Обязанности руководителя Дома культуры оставляли ему достаточно времени для докторской работы. Но он забросил ее и ринулся в работу политическую, преимущественно в сферы, ему неизвестные. Он ездил инструктором по деревням, сравнивал предназначенные для окружных властей отчеты о торговле и сельском хозяйстве с действительным положением дел. При этом он постиг всю опасность мышления категориями успеха. Докладывали не то, что было, а то, что требовалось — хорошая статистика была важнее хороших дел, критикам предпочитались лакировщики. Называя обнаруженные недостатки недостатками, он ожидал изоляции, интриг — и не ошибся, но его поразило, как много сподвижников он нашел. Одним из них был Карл Краутвурст, дружба с которым с тех пор не утратила для него своего значения.

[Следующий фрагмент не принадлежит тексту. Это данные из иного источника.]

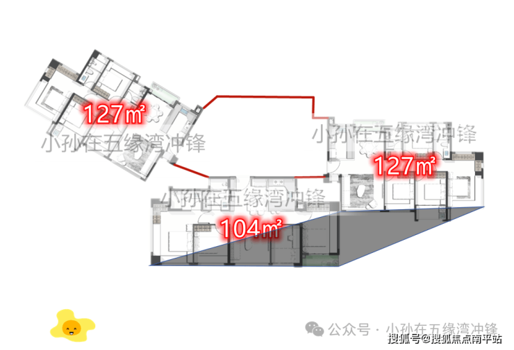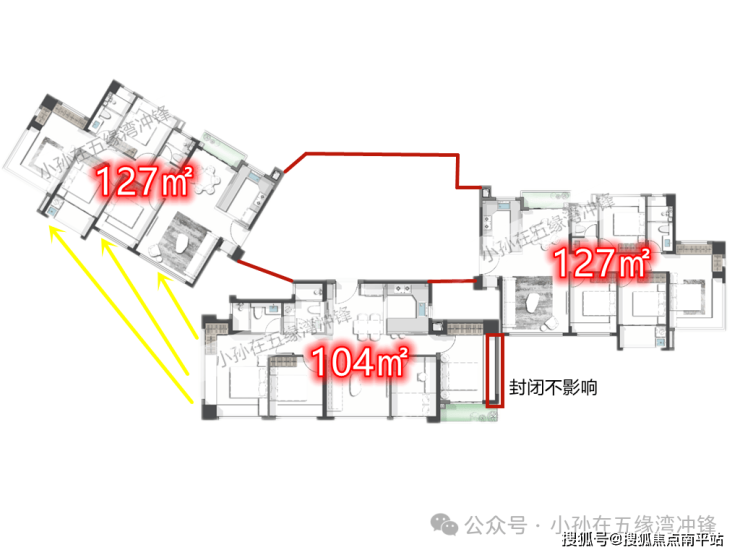 隐私问题倒是得到了一些解决,这次的104户型西面卧室的落地窗变成了墙,这样东侧的127或者139户型和前面的104户型之前就没有隐私性的问题(图?),但东侧房间是主卧,两面落地窗还是不可避免会有一些影响,不过这次楼栋的设计也有一些升级能减少这方面的担忧。

Краутвурст — самый некрасивый, самый оригинальный, самый чувствительный и мягкосердечный человек, какого он знает. Его безоговорочная любовь к правде кажется иным комичной и глупой, другим — опасной. Стремление заступаться за тех, у кого возникают конфликты, ввергает в конфликты его самого. Он лишен какого бы то ни было честолюбия. Он все мечтает о спокойной, уютной жизни в кругу большой семьи, но из этого ничего не выходит. Он помогает каждому, кто в нем нуждается, только себе никак не может помочь. Тот, кто привязан к нему, боится за него, в том числе и его жена, которая десятилетиями тщетно пытается ускользнуть от его неизменной любви. Она называет его неприспособленным к жизни, и она права, если понимать под приспособленностью способность сделать собственную жизнь более приятной.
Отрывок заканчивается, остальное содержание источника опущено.